Challenges associated with genotyping SVs
Accurately genotyping SVs is in some ways more challenging than SV discovery (see Alkan et al., 2011; Antaki et al., 2018; Jiang et al., 2023 preprint; Nguyen et al., 2023). This is in part because the approaches implemented for SV discovery are not immediately transferrable to genotyping individuals (Alkan et al., 2011). Although some discovery tools provide complementary genotyping packages (e.g., Delly, Smoove), many do not (e.g., CuteSV, Manta, Sniffles). Like SV discovery tools, genotyping tools may implement different approaches for different SV types and scoring qualities (S. Chen et al., 2019; Jiang et al., 2023 preprint; Nguyen et al., 2023; Sibbesen et al., 2017). This in turn makes it challenging to identify appropriate thresholds across a range of tools. In addition, there is growing evidence that short-read data is simply insufficient to accurately genotype some SV types (e.g., Sibbesen et al., 2018). For example, relatively few duplications and inversions passed genotyping quality thresholds in all six datasets, including the long-read based datasets which were genotyped using short-read data.

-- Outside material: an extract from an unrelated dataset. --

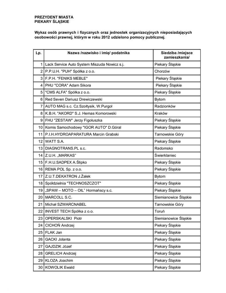 PREZYDENT MIASTA PIEKARY ŚLĄSKIE Wykaz osób prawnych i fizycznych oraz jednostek organizacyjnych nieposiadających osobowości prawnej, którym w roku 2012 udzielono pomocy publicznej. Lp. Nazwa /nazwisko i imię/ podatnika Siedziba /miejsce zamieszkania/ 1 Lack Service Auto System Miszuda Nowicz s.j. Piekary Śląskie 2 P.P.U.H. "PUH" Spółka z o.o. Chorzów 3 F.P.H. "FENIKS MEBLE" Piekary Śląskie 4 PHU "CORA" Adam Sikora Piekary Śląskie 5 "CMS ALFA" Spółka z o.o. Piekary Śląskie 6 Red Seven Dariusz Drewiczewski Bytom 7 AUTO MAG s.c. Cz.Szołtysik, W.Purgoł Radzionków 8 K.B.H. "AKORD" S.J. Hernas Komorowski Kraków 9 FHU "ZESTAW" Jerzy Figołuszka Piekary Śląskie 10 Komis Samochodowy "IGOR AUTO" D.Góral Piekary Śląskie 11 P.I.H.HYDROAPARATURA Marcin Grabski Tarnowskie Góry 12 WATT S.A. Piekary Śląskie 13 DIAGNOTRANS.PL s.c. Radomsko 14 Z.U.H. „MARKAS” Świerklaniec 15 F.H.U.SADPEX A.Ślipko Piekary Śląskie 16 REMA POL Sp. z o.o. Piekary Śląskie 17 Z.U.T.DEKATRON J.Żalek Bytom 18 Spółdzielnia "TECHNOSZCZOT" Piekary Śląskie 19 „SPAW – MOTO – OIL” Hormańscy s.c. Piekary Śląskie 20 MARCOLL S.C. Siemianowice Śląskie 21 Michał SZWARCNABEL Tarnowskie Góry 22 INVEST TECH Spółka z o.o. Toruń 23 OPERSKALSKI Piotr Siemianowice Śląskie 24 CICHOŃ Andrzej Piekary Śląskie 25 FLAK Jan Piekary Śląskie 26 GACKI Jolanta Piekary Śląskie 27 GAJDZIK Józef Piekary Śląskie 28 GRELICH Andrzej Piekary Śląskie 29 KLOZA Joachim Piekary Śląskie 30 KOWOLIK Ewald Piekary Śląskie 31 MACHA Jan Piekary Śląskie 32 MOJ Mirosław Piekary Śląskie 33 PODORA Karol Piekary Śląskie 34 STOMPEL Paweł Piekary Śląskie 35 WÓJCIK Lidia Piekary Śląskie 36 SZCZYRBA Regina Piekary Śląskie 37 WÓJCIK Piotr Piekary Śląskie 38 WÓJCIK Krzysztof Piekary Śląskie 39 CESARZ Maria Piekary Śląskie 40 MOJ Piotr Piekary Śląskie 41 LUBOSIK Grzegorz Piekary Śląskie 42 GRELICH Andrzej Siemianowice Śląskie 43 GRELICH Monika i Jan Siemianowice Śląskie 44 AGRO -SAD Spółka z o.o. Radzionków 45 WPRiR „Energopol – WSK” Koziegłowy 46 Spółdzielnia "TECHNOSZCZOT" Piekary Śląskie 47 Andrzej Bieniek P.P.H.U. "FEMINA - FASHION" 48 Agnieszka Kot, Piotr Kot, Józef Cieszyński Sklep Ogólnospożywczy s.c. "Tradycja" 49 Firma Handlowa Piekarnia - Ewa Januszek Chorzów Piekary Śląskie Piekary Śląskie 50 Firma Handlowa "U ANI" Świerklaniec 51 Firma Handlowo-Usługowa "Kaffka" s.c. Danuta Piękoś, Jerzy Piękoś Bytom 52 Firma Produkcyjno - Usługowo-Handlowa "Raffaello" Agnieszka Murawska Katowice 53 Szeja Krzysztof Blacharstwo Lakiernictwo Mechanika Piekary Śląskie 54 S.C. Beata Zdebel, Arkadiusz Zdebel Piekary Śląskie 55 MARKET-POL Tadeusz Zientecki Radzionków 56 DIESEL SERVIS - Adamczyk Piekary Śląskie 57 Piekarnia - Cukiernia "Konowoł" Piekary Śląskie 58 P.H.U. "Dingar" Sp. z o.o. Piekary Śląskie 59 T&M Skórka Auto Serwis Tomasz Skórka Piekary Śląskie 60 PEWBUD Zakład Remontowo -Budowlany Piotr Chochołek, Edward Nawratek Piekary Śląskie 61 Tura Krzysztof Auto Electronic Technologic Service Piekary Śląskie 62 PUH Wistur s.c. Adam Wisniewski, Ewa Gorzędowska Wiśniewska, Krzysztof Wiśniewski Piekary Śląskie 63 Spółdzielnia Mieszkaniowa w Piekarch Śląskich Piekary Śląskie 64 CIS Bogusław Piekary Śląskie 65 "AUTO - RENO" s.c. Stanisław Szwarc, Roman Szwarc Piekary Śląskie 66 PPHU "TUREX" Elżbieta Turek Bytom 67 Auto - Serwis Tomasz Piórkowski Wojkowice 68 P.H.U. Piotr Musioł Piekary Śląskie 69 Chłodnictwo -A.G.D. Józef Habura Piekary Śląskie 70 Galeria Upominków'TOFI" Ewa Malina Piekary Śląskie 71 "ANDBUT" Barbra Widera Piekary Śląskie 72 Ryszard Mazanek Firma Handlowa Radzionków 73 Zakład Fryzjerski "Mirka" Mirosława Boszko Piekary Śląskie 74 FHU "BROL - MAX" Karina Sulik-Brol Piekary Śląskie 75 Auto Serwis "Tekspol" Damian Wiertelorz Piekary Śląskie 76 Studio Fryzur Lusi Lucyna Lubos - Bartczak Piekary Śląskie 77 "Auto - Complex Szewczyk" Józef Szewczyk Piekary Śląskie 78 P.P.H.U. "Warmex" Jerzy Warmiński Piekary Śląskie 79 Cukiernia -Lodziarnia "Alaska" s.c. Piekary Śląskie 80 Szeja Krzysztof Blacharstwo Lakiernictwo Mechanika Piekary Śląskie 81 Zakład Mięsny "Hemax" H.M.Blachlińscy Spółka Jawna Bobrowniki 82 PHU "Kan - Jan" Jan Kandora Piekary Śląskie 83 Instytut Urody MMM Maria Mońka -Mikos Piekary Śląskie 84 Cukiernia "Spruś" s.c. Michał Trembaczowski, Danuta Spruś, Karolina Spruś Piekary Śląskie 85 Salon Fryzjerski "Anita" Anita Parada Piekary Śląskie 86 "Pasion" s.c Joanna Bieniek, Katarzyna Daniel, Joanna Górka Piekary Śląskie 87 Salon Fryzjersko - Kosmetyczny "Barbara - Anna" Barbara Wałęga - Duda Piekary Śląskie 88 Joachim Foltinek "Piekarnia - Ciastkarnia" Piekary Śląskie 89 Folrian Knapik "Auto-Geo-Test" Mechanika Pojazdowa i Wulkanizacja Piekary Śląskie 90 "Mimar" Sp. z o.o. Piekary Śląskie 91 GÓRECKI Jacek Piekary Śląskie 92 Zakład Produkcji i Transportu "EKO-BET" Żaneta Bromis, Piekary Śląskie 93 CIASNOCHA Dorota i Lesław Radzionków 94 Zasada ZUP Sp. z o.o. Piekary Śląskie 95 Servis Area Sp. z o.o. Piekary Śląskie 96 Zakład Przetwórstwa Tworzyw Sztucznych "IMPLAST" Lucjan Piekary Śląskie Zając 97 FHU „JAMBI” Dominika Jastrzębska Piekary Śląskie WYKAZ POMOCY PUBLICZNEJ UDZIELONEJ OSOBOM PRAWNYM I FIZYCZNYM PRZEZ POWIATOWY URZĄD PRACY W ROKU 2012 Lp. Nazwa /nazwisko i imię/ podatnika Siedziba /miejsce zamieszkania/ 1 „EMTO-TECH” Mateusz Macioł Piekary Śląskie 2 PHU „MARPOL”Marcin Mikołajczyk Piekary Śląskie 3 PIEKARNIA-CUKIERNIA KONOWOŁ Piekary Śląskie 4 Usługi Garmażeryjno-Gastronomiczne BAR SŁONECZKO Halina Sitek Piekary Śląskie 5 WOCARO Wojciech Zając Piekary Śląskie 6 T&M SKÓRKA AUTO SERWIS Tomasz Skórka Piekary Śląskie 7 F.H.U. ZOFIA SZEFER Piekary Śląskie 8 S.C Beata Zdebel Arkadiusz Zdebel Piekary Śląskie 9 F.H.U. „STRACH” Krzysztof Strach Piekary Śląskie 10 CENT

Assessing the performance of genotyping tools and approaches is challenging for most non-model species as there is a paucity of data for independently validating SVs (i.e., truth call sets; Cameron et al., 2019; Kosugi et al., 2019). Because it is next to impossible to estimate false discovery rates or verify genotypes without a truth call set (but see Belyeu et al., 2021), we leveraged a well curated pedigree to assess the proportion of SVs among each of the genotype filtered datasets that adhered to Mendelian inheritance in parent-offspring trios. Although concordance across all (100%) trios was low for some tools, it is promising to note that call and genotype-filtered SVs had between 72-100% concordance in at least 80% of trios. Where robust pedigree data is available, this additional filtering step is likely to enrich datasets for true positives and subsequent validation.